Recalling that $H(X)\le \log |\mathcal{X}|$ with equality if and only has a uniform distribution over $\mathcal{X}$.

Then for any r.v. $X$, it's maximum entropy is $\log |\mathcal{X}|$, and is achieved by a uniform distribution over $\mathcal{X}$.

Drawing with and without replacement

Drawing with and without replacement. An urn contains $r$ red, $w$ white, and $b$ black balls. Which has higher entropy, drawing $n\ge 2$ balls from the urn with replacement or without replacement?

Solution:

Let random variable $X_i$ denotes the outcome color of the $i-$th ball. The alphabate of all $X_i$ is the same: $\mathcal{X}=\{0,1,2\}$, where

1. $X_i=0$ if the ball is red,
2. $X_i=1$ if the ball is white
3. $X_i=2$ if the ball is black.

Let $p_{X_i}$ denote the PMF of $X_i$.

For the case with replacement:

For all $X_i\in X_1,\cdots ,X_n$, Since the total number of red, white, black balls are $r,w,b$, $$p(X_i)=\{\begin{array}{ll}\frac{r}{r+w+b}& \text{if }X=1\\ \frac{w}{r+w+b}& \text{if }X=2\\ \frac{b}{r+w+b}& \text{if }X=3.\end{array}$$ $p(X_i)$ doesn't change during the drawing process, so all $p(X_i)$ are independant(because of the replacement).

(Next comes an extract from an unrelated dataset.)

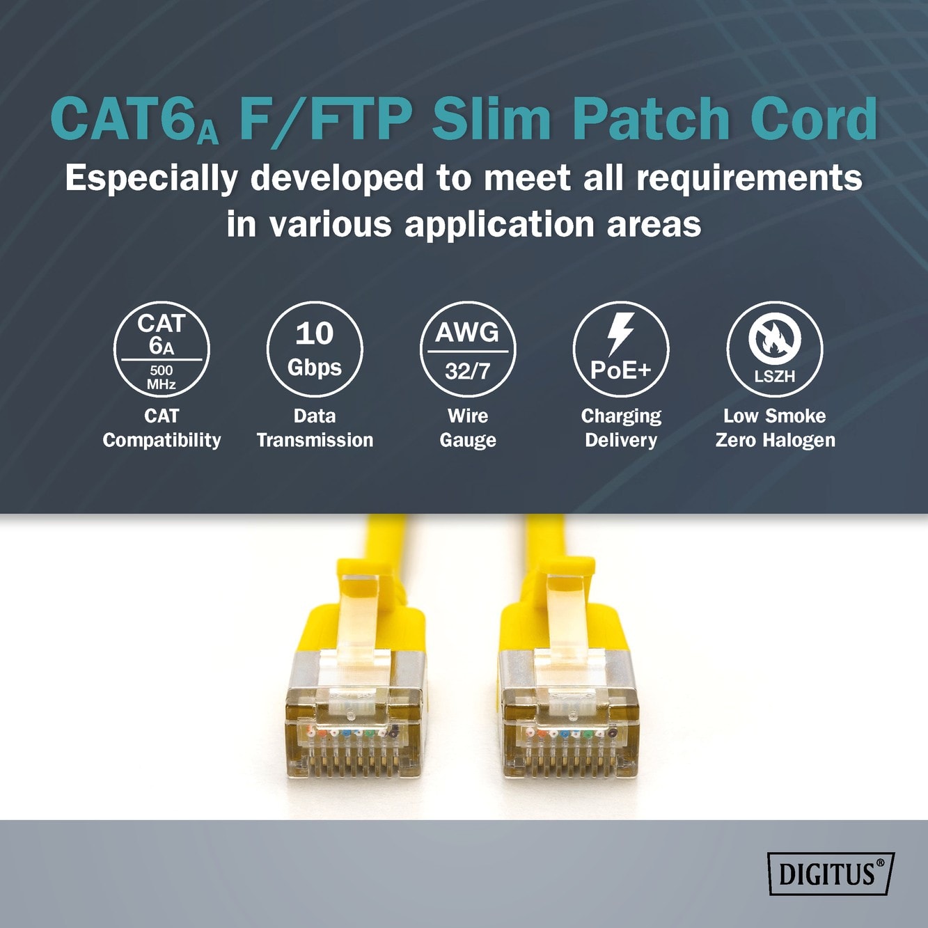 Le câble fin se distingue par son faible diamètre extérieur et sa gaine flexible. Il est fabriqué selon les normes ISO/IEC 11801 et DIN EN 50173 CAT 6A jusqu'à 500 MHz et est équipé d'un manchon anti-pliage moulé avec décharge de traction.

Due to Theorem: Entropy is additive for independent r.v., $$H(X_1,X_2,\cdots ,X_k)=H\left(X_1\right)+H\left(X_2\right)+\cdots +H\left(X_k\right).$$ For the case without replacement:

the picks are not independent anymore, due to the chain rule for joint entropy, we have $$\begin{array}{rl}H(X_1,X_2,\cdots ,X_k)& =H\left(X_1\right)+H(X_2\mid X_1)+\cdots +H(X_k\mid X_1,\cdots ,X_k-1).\end{array}$$

Meanwhile, due to Theorem: Theorem: Conditioning reduces entropy, we have: $$H\left(X_1\right)+H(X_2\mid X_1)+\cdots +H(X_k\mid X_1,\cdots ,X_k-1)\le H\left(X_1\right)+H\left(X_2\right)+\cdots +H\left(X_k\right)$$ Hence, the sample with replacement has higher entropy.